Aim of the exercise:
For each entry below, copy the text exactly and leave out any picture.

________

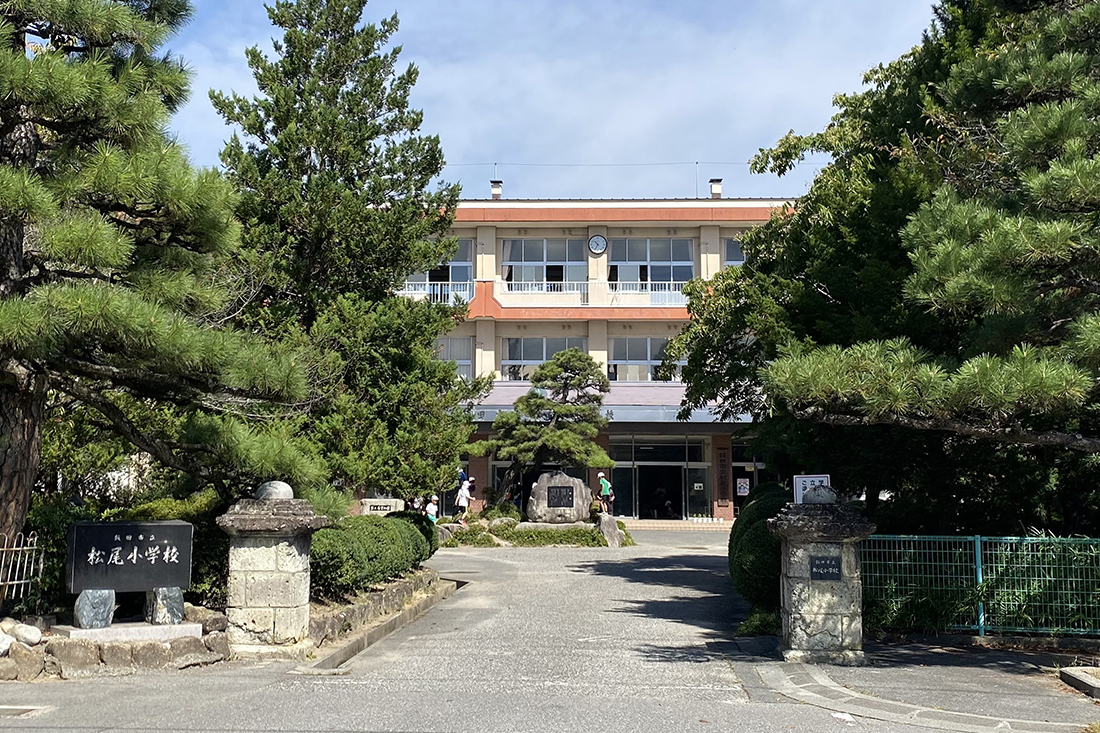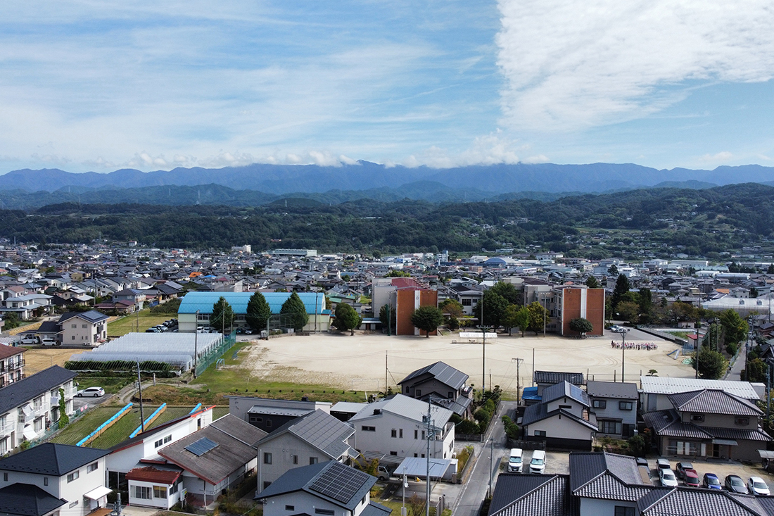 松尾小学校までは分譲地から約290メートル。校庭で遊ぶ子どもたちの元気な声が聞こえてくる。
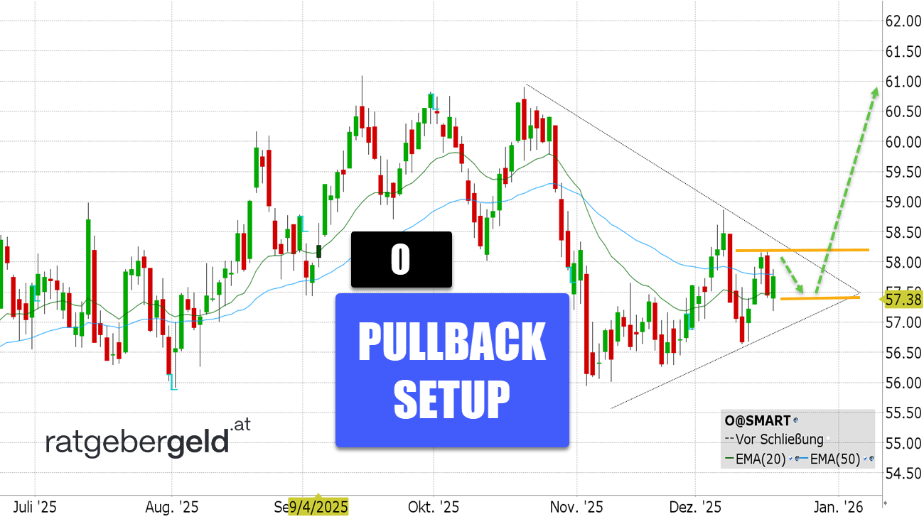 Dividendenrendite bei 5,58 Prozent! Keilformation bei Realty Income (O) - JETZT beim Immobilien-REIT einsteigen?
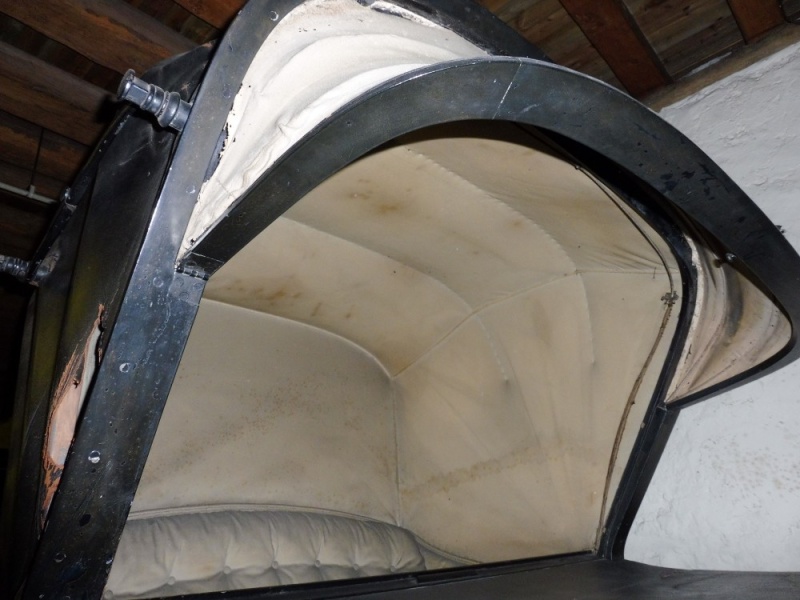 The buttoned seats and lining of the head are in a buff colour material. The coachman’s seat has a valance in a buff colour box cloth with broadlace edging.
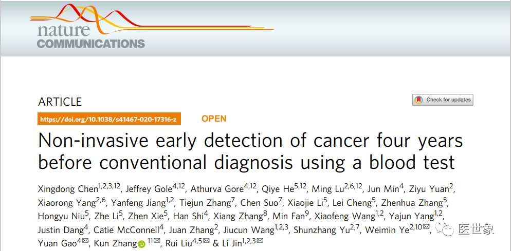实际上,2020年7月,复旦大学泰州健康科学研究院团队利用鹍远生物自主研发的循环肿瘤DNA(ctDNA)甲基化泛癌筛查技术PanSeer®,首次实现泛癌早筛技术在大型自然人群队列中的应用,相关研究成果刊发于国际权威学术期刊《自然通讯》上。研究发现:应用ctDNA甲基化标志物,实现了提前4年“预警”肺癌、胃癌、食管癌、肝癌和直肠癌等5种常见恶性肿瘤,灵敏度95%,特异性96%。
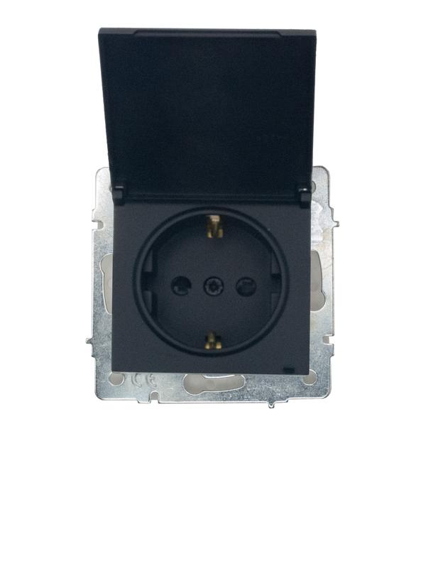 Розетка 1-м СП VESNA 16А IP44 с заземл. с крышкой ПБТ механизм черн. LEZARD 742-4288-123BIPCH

________

Reply to the task:
 松尾小学校までは分譲地から約290メートル。校庭で遊ぶ子どもたちの元気な声が聞こえてくる。
 Dividendenrendite bei 5,58 Prozent! Keilformation bei Realty Income (O) - JETZT beim Immobilien-REIT einsteigen?
 The buttoned seats and lining of the head are in a buff colour material. The coachman’s seat has a valance in a buff colour box cloth with broadlace edging.
实际上,2020年7月,复旦大学泰州健康科学研究院团队利用鹍远生物自主研发的循环肿瘤DNA(ctDNA)甲基化泛癌筛查技术PanSeer®,首次实现泛癌早筛技术在大型自然人群队列中的应用,相关研究成果刊发于国际权威学术期刊《自然通讯》上。研究发现:应用ctDNA甲基化标志物,实现了提前4年“预警”肺癌、胃癌、食管癌、肝癌和直肠癌等5种常见恶性肿瘤,灵敏度95%,特异性96%。
 Розетка 1-м СП VESNA 16А IP44 с заземл. с крышкой ПБТ механизм черн. LEZARD 742-4288-123BIPCH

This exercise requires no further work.